— WHAT YOU SHOULD DO —
Since the pictures are not wanted, retype the listing below exactly and without them.

— DATA BLOCK —

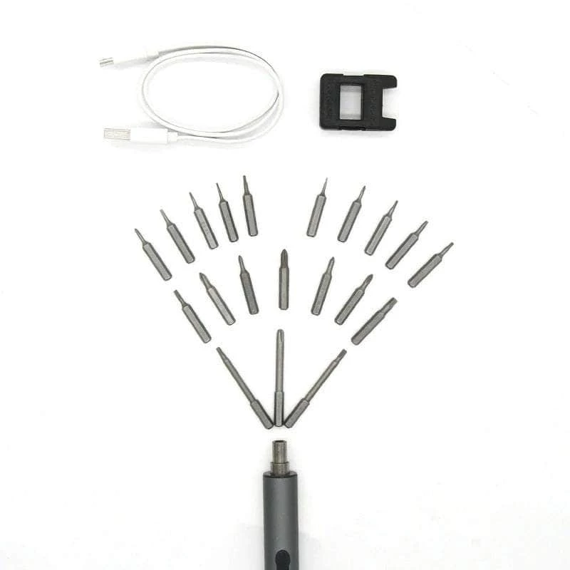 - 20x Bits (H4x28mm: PH0000, PH000, PHOO, PHO, PH1, SL1.0, SL1.5, SL2.0, T2, T5, T6, H3.0, Y0.6, Y2.5, P2, P5, P6 / H4x45mm: PH2, H2.0, SL2.5)
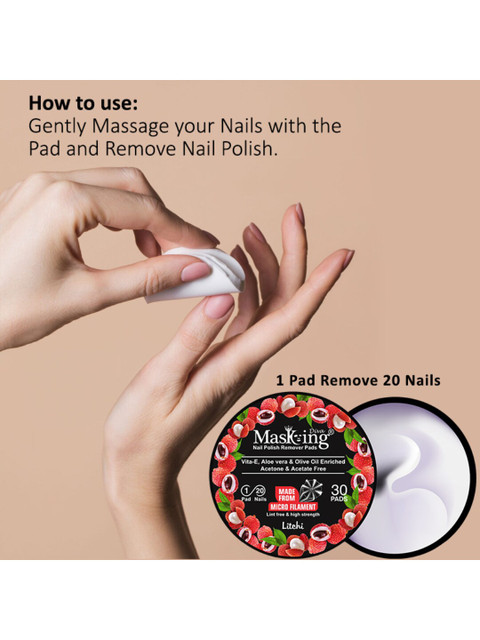 - Litchi Nail Polish Remover Pads with Vita E, Aloe & Olive – 30 PadsÂ
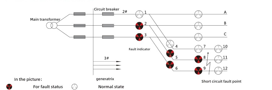 शॉर्ट-सर्किट दोषों की विशेषताओं के आधार पर, कार्रवाई मानदंड सुरक्षा उपकरण की बिजली विफलता के साथ वर्तमान में अचानक परिवर्तन है। दोष संकेत आरेख का व्याख्या तर्क इस प्रकार है: यदि चरण ए के संकेतक 2, 5, और 8 और लाइन 2 के चरण सी के संकेतक 3, 6, और 9 सभी लाल हो जाते हैं, जबकि संकेतक 11 और 12 सफेद रहते हैं, तो यह निर्धारित किया जा सकता है कि उस आउटगोइंग लाइन बिंदु पर शॉर्ट-सर्किट गलती हुई है।

— EXERCISE OUTPUT —
 - 20x Bits (H4x28mm: PH0000, PH000, PHOO, PHO, PH1, SL1.0, SL1.5, SL2.0, T2, T5, T6, H3.0, Y0.6, Y2.5, P2, P5, P6 / H4x45mm: PH2, H2.0, SL2.5)
 - Litchi Nail Polish Remover Pads with Vita E, Aloe & Olive – 30 PadsÂ
 शॉर्ट-सर्किट दोषों की विशेषताओं के आधार पर, कार्रवाई मानदंड सुरक्षा उपकरण की बिजली विफलता के साथ वर्तमान में अचानक परिवर्तन है। दोष संकेत आरेख का व्याख्या तर्क इस प्रकार है: यदि चरण ए के संकेतक 2, 5, और 8 और लाइन 2 के चरण सी के संकेतक 3, 6, और 9 सभी लाल हो जाते हैं, जबकि संकेतक 11 और 12 सफेद रहते हैं, तो यह निर्धारित किया जा सकता है कि उस आउटगोइंग लाइन बिंदु पर शॉर्ट-सर्किट गलती हुई है।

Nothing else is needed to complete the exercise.